Loving the fact 1.5 is out but my first rule is never upgrade midway through development, so I'll be staying with 1.4.1. until release.

I will upgrade thought and have a question about the 200% performance improvement...

Is it just the alpha blending fix (which I have already applied) or is there some other notable stuff?

#1
09/30/2011 (12:26 pm)
@Scott - It's the Alpha Testing fix.
#2
09/30/2011 (1:14 pm)
Thanks Michael, thought it was.
#3
09/30/2011 (1:51 pm)
That brings up a good question I have... so with alpha testing set a default -1, assuming on all objects, this prevents and alpha adjustments (transparency) thus saving stress on the engine?

I did a small test, tho and set two objects to alpha (in blending to 97) alpha testing remained at -1. I know there was a thread on this, but what essentially is happening?

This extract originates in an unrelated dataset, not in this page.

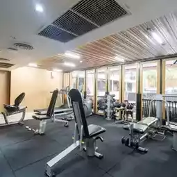 💦 There is also a communal swimming pool, fitness center, and sauna.
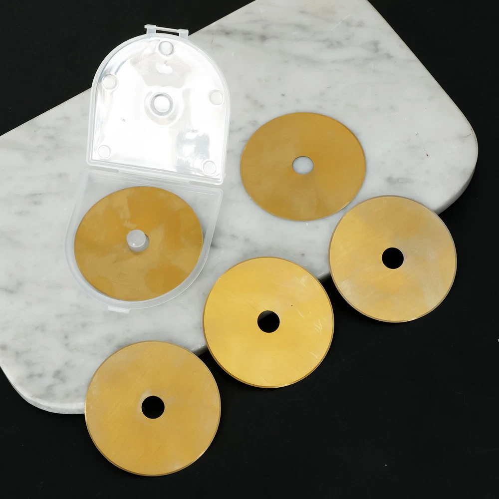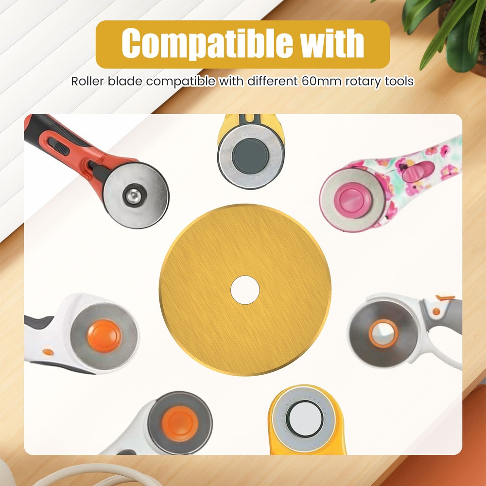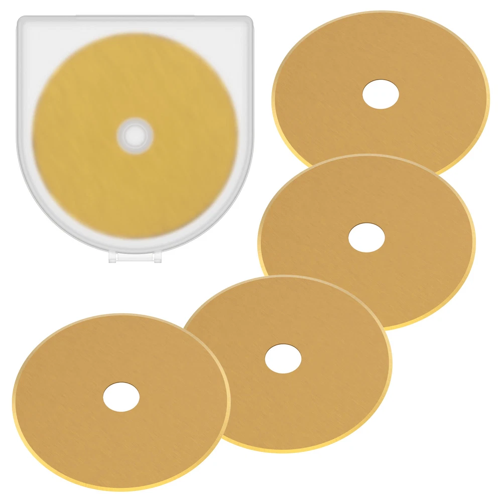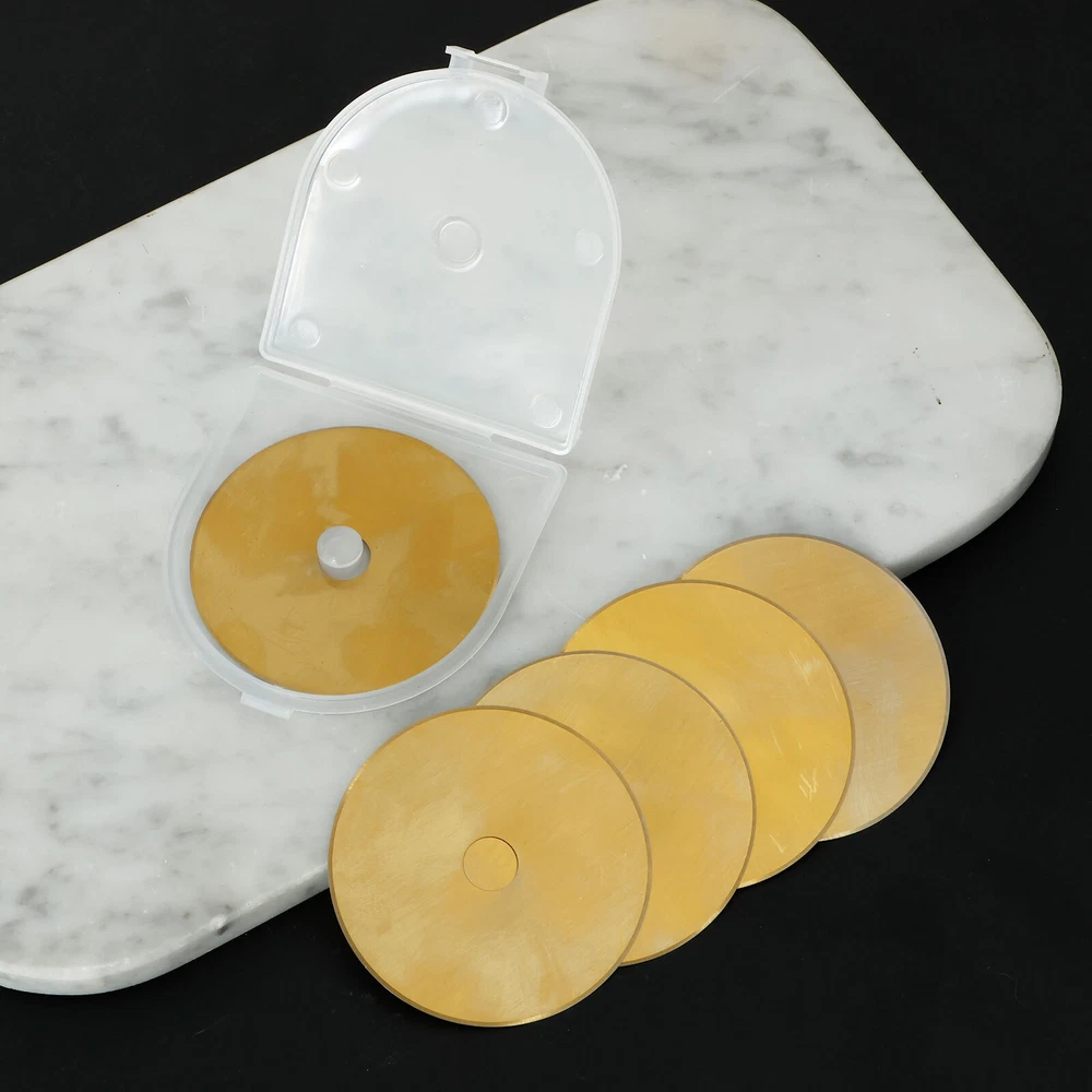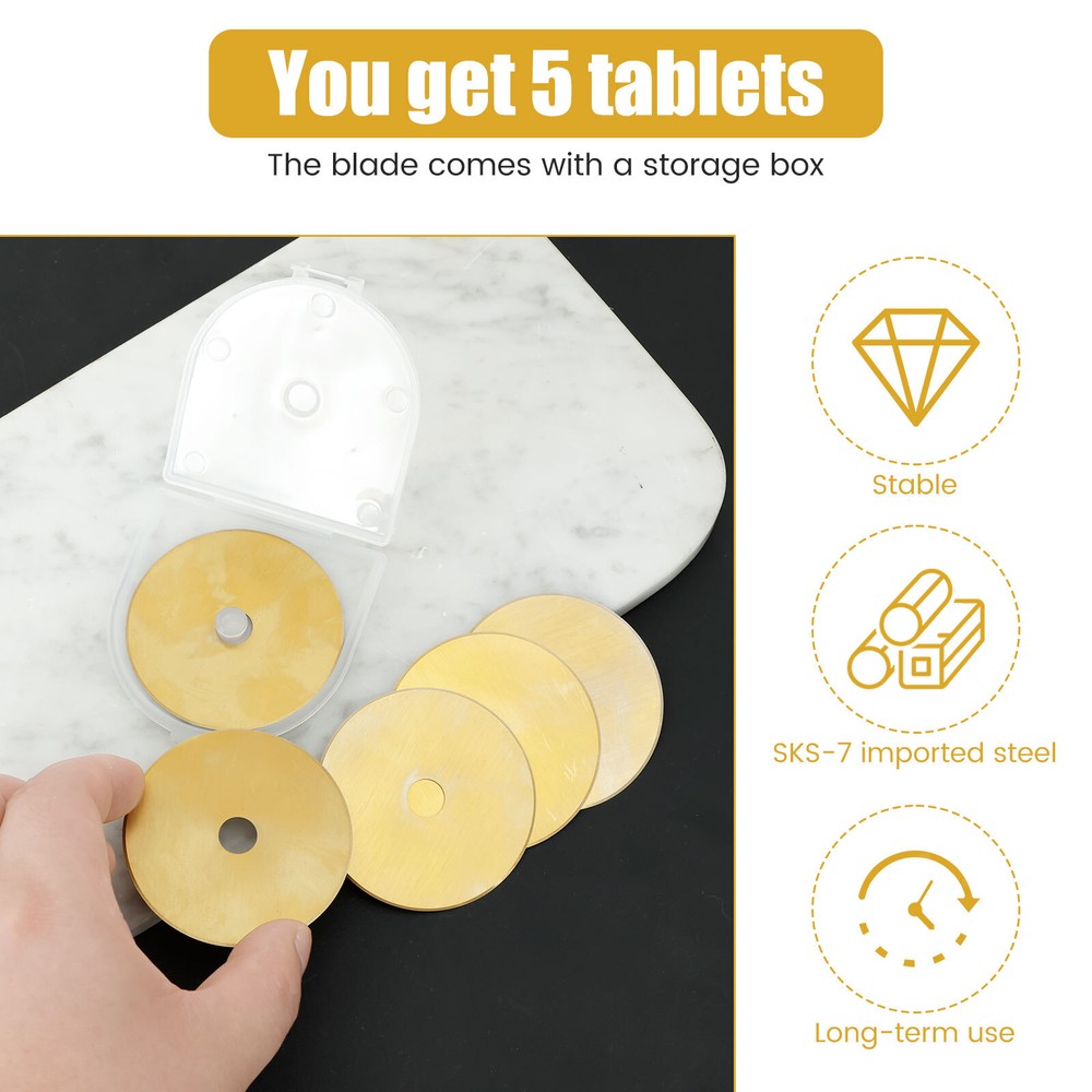 Parts List: 5 x Rotary Cutter Blades Highlight description: Quality Materials: Our rotary cutting blades are made of quality steel (SKS 7), which is strong in construction and not easy to break and damage, ensuring sharpness and long term use Package Contains: Our rotary cutting blade set contains 5pcs 60 mm rotary cutting blades with a storage container for neat storage and quick access Wide Application: These rotary cutting blades are suitable for sewing; quilting; scrapbooking and various crafts. It can cut multiple layers of cards; wool; vinyl; leather; fabrics; felt; paper; etc. at a time Compatibility: This rotary cutting blade is compatible with different 60 mm rotary knives such as for Fiskars; for OLFA; for DAFA; for Martelli; for Drits; for Kisswill; for Havel; for Ultima; etc Easy to Carry: This rotary cutting blade set contains a storage box that makes it easy to carry, lightweight and delicate, very convenient for our daily work Detailed description: Description: Made of premium SKS 7 steel material, these rotary cutter blades are wear resistant and not easy to break for long term use. It can be used for cutting multiple layers of cards, wool, vinyl, leather, fabrics, felt, paper, etc. at a time. Key Feature: Storage Box: This steel rotary cutter blade set is designed with a storage box, which helps keeps the blades in organized and easy to access. Specification: Product Name: Rotary Cutter Blades Material: SKS 7 Steel Color: Gold Size: Diameter: 60mm/2.36 inch Note: 1.There may be slight differences between the picture and the actual color of the commodity. We will try our best to show you the exact color. 2.Please allow slight dimension difference due to manual measurement.

How is this (alpha testing) saving memory?


Quote from www.garagegames.com/community/forums/viewthread/7484/1#comment-47464
Quote:
Alpha test is one operation in the Per-fragment Operations stage (See Fragment
Processing Overview diagram on Page 2) of the OpenGL pipeline that allows any further
processing of the fragment to be aborted based on the value of its alpha component. The
fragment's alpha component is compared with an application-specified reference value
using an application-specified comparison function. If the fragment passes the test, it will
be processed by the subsequent fragment operation, otherwise it will be discarded. Alpha
test does not incur any extra overhead even if all the fragments pass the test. Unlike
stencil testing, depth testing, texturing, and blending, alpha testing do not involve
fetching data from memories external to the GPU. Alpha Test is only available in RGBA
mode.



After reading this, I am thinking all objects (requiring rendering) are tested via the Alpha Test, if they pass they are passed, if not they fail, and are rejected..?
a. What determines the pass?
b. what determines the fail?
c. and again, with the current system, how is this improving performance?

Sorry if this is long winded I just want to better understand the engine.
Thanks.




#4
10/01/2011 (9:31 am)
Pixels only go through alpha tests if the src or dest in the blend operation is an alpha one. Otherwise they are opaque and will only do a z test for pixel occlusion on SGX hardware as used on all iOS devices since day 1
#5
10/01/2011 (10:08 am)
But how does this, new feature, the alpha test change the process?
#6
10/01/2011 (10:52 am)
@rennie - The simplest way I can put it is that we had both blending and alpha testing turned on, which killing performance. In general, you never want the two enabled. Once we turned of alpha testing all together, our FPS skyrocketed. Since there are people who use alpha testing in their projects, we exposed it as a new property for t2dSceneObjects. Use one or the other, never both.
#7
10/01/2011 (11:25 am)
oh ok, so essentially, i can use blending, if I want a bit of transparency, colors changes etc, and me being me, should just level alpha testing at -1?


#8
10/01/2011 (12:42 pm)
Correct! Use -1 if you don't need the blending, that will double to quadrupple the performance of that specific sprites where you disabled it.


To explain that a bit in case you are interested, its important to know that Imagination Technology has significantly optimized the hardware to do the 'most common' stuff on high performance.
For this reason opaque pixels totally oclude pixels behind them so they are not even drawn (this test happens before anything is performed on the pixel, unlike the pc where the pixel is fully calculated with all shaders and then tested!)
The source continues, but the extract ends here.